■ What this task involves:
No picture should appear in the copy. Transcribe exactly, and only, the lines from the one with "With its smooth" through the last line of the data below.

■ Material provided:
----------

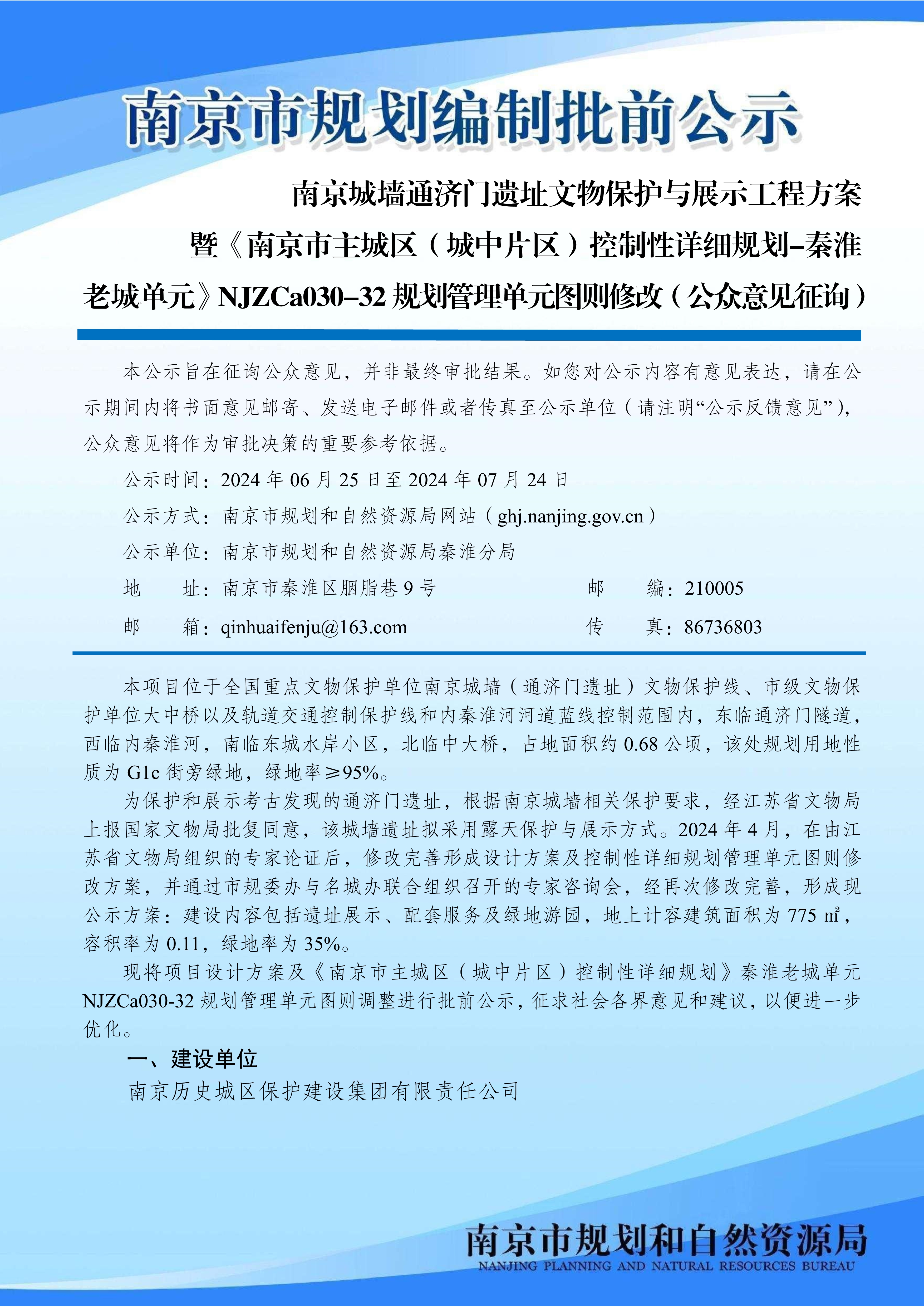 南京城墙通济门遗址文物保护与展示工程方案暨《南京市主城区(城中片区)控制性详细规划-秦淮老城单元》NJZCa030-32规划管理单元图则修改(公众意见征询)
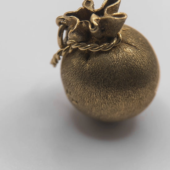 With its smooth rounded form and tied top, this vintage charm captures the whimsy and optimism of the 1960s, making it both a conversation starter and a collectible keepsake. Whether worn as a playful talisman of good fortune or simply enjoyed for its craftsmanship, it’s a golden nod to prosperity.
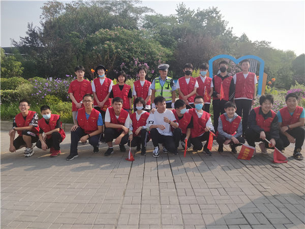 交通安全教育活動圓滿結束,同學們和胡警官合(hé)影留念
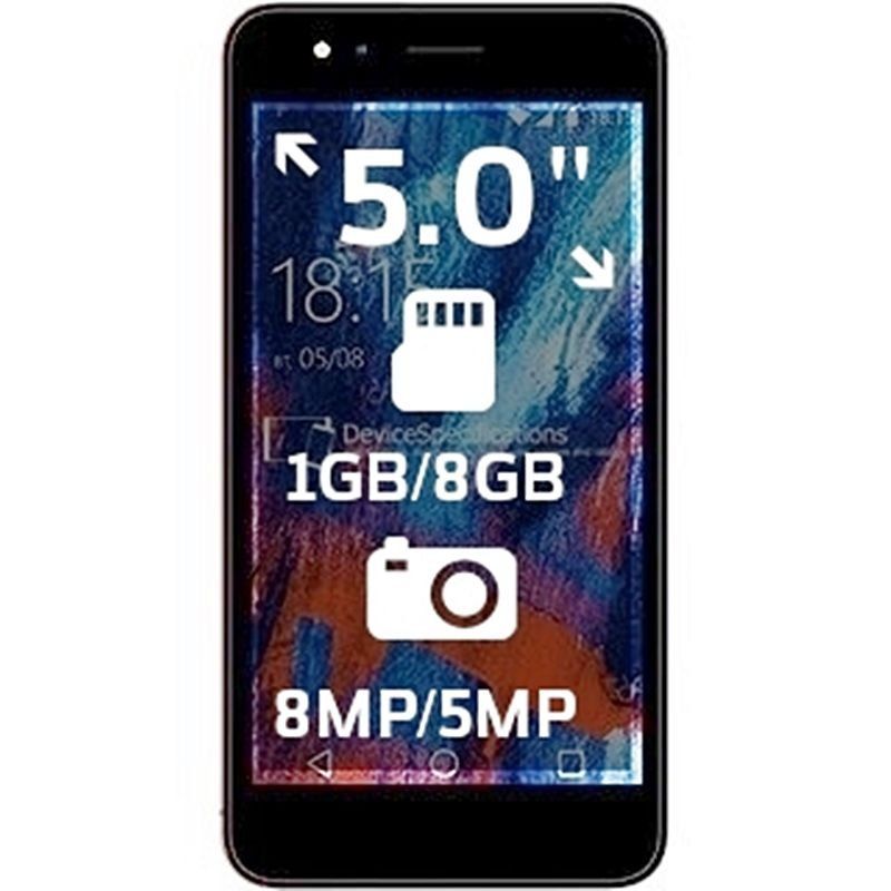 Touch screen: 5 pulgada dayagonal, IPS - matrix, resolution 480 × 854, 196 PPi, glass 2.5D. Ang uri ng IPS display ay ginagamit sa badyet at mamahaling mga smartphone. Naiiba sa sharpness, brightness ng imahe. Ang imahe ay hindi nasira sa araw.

----------

■ Answer section:
 With its smooth rounded form and tied top, this vintage charm captures the whimsy and optimism of the 1960s, making it both a conversation starter and a collectible keepsake. Whether worn as a playful talisman of good fortune or simply enjoyed for its craftsmanship, it’s a golden nod to prosperity.
 交通安全教育活動圓滿結束,同學們和胡警官合(hé)影留念
 Touch screen: 5 pulgada dayagonal, IPS - matrix, resolution 480 × 854, 196 PPi, glass 2.5D. Ang uri ng IPS display ay ginagamit sa badyet at mamahaling mga smartphone. Naiiba sa sharpness, brightness ng imahe. Ang imahe ay hindi nasira sa araw.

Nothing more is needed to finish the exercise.